Personal mobility devises become more and more popular last years. Gyroscooters, two wheeled self-balancing vehicles, wheelchair, bikes, and scooters help people to solve the first and last mile problems in big cities. To help people with navigation and to increase their safety the intelligent rider assistant systems can be utilized that are used the rider personal smartphone to form the context and provide the rider with the recommendations. We understand the context as any information that characterize current situation. So, the context represents the model of current situation. We assume that rider mounts personal smartphone that allows it to track the rider face using the front-facing camera. Modern smartphones allow to track current situation using such sensors as: GPS / GLONASS, accelerometer, gyroscope, magnetometer, microphone, and video cameras. The proposed rider assistant system uses these sensors to capture the context information about the rider and the vehicle and generates context-oriented recommendations. The proposed system is aimed at dangerous situation detection for the rider, we are considering two dangerous situations: drowsiness and distraction.

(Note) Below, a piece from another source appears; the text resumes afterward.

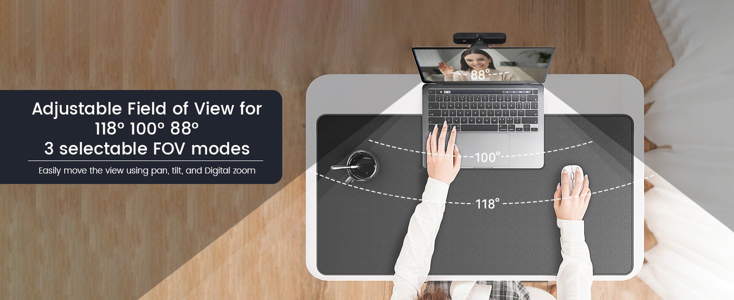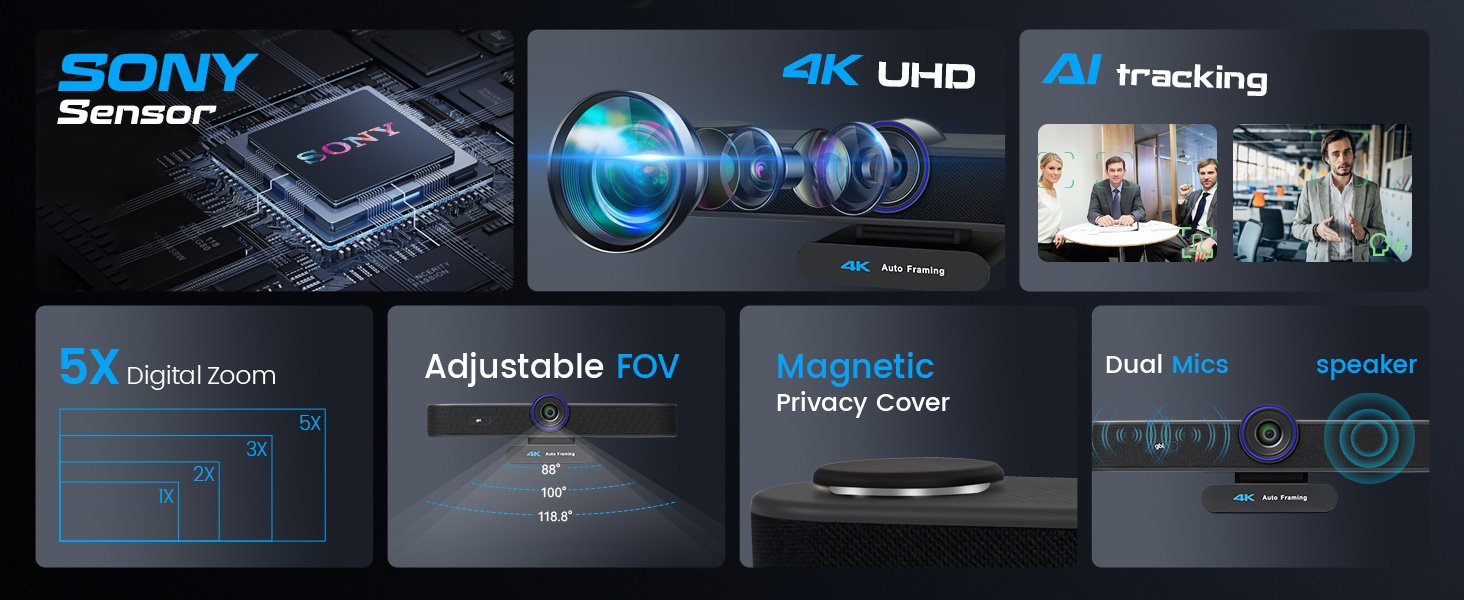 A 4K ePTZ camera, 4 electret microphones, and high-performance speaker in one compact device, delivering exceptional audiovisual quality too small to medium sized spaces. Featuring a 1/2.8″4K UHD CMOS sensor with 8.29 megapixels, it captures ultra sharp 4K video at 30fps and ensures lifelike clarity for meetings and video calls.

Using the computer vision methods, we determine parameters of the rider face (eyes, nose, mouth, head pith and rotation angles) and based on analysis of this parameters detect the dangerous situations. The paper presents a comprehensive related work analysis in the topic of intelligent driver assistant systems and recommendation generation, an approach to dangerous situation detection and recommendation generation is proposed, and evaluation of the distraction dangerous state determination for personal mobility device riders.
基于情境的两轮自平衡车辆乘员辅助系统
去年个人移动设备变得越来越流行。gyroscooter,两轮自平衡车,轮椅,自行车和滑板车帮助人们解决大城市的第一英里和最后一英里问题。为了帮助人们导航并提高他们的安全,可以使用智能骑手辅助系统,该系统使用骑手的个人智能手机来形成上下文并为骑手提供建议。我们将上下文理解为描述当前情况的任何信息。因此,上下文代表了当前情况的模型。我们假设骑手安装个人智能手机,允许它跟踪骑手的脸使用前置摄像头。现代智能手机允许使用诸如GPS / GLONASS,加速度计,陀螺仪,磁力计,麦克风和摄像机等传感器跟踪当前情况。建议的乘客辅助系统使用这些传感器来捕获有关乘客和车辆的上下文信息,并生成面向上下文的建议。我们提出的系统旨在为骑行者检测危险情况,我们考虑了两种危险情况:困倦和分心。利用计算机视觉方法确定骑手面部的参数(眼、鼻、口、髓和旋转角度),并通过对这些参数的分析来检测危险情况。本文综合分析了智能驾驶辅助系统和推荐生成的相关工作,提出了一种危险态势检测和推荐生成方法,并对个人移动设备乘客的分心危险状态判定进行了评估。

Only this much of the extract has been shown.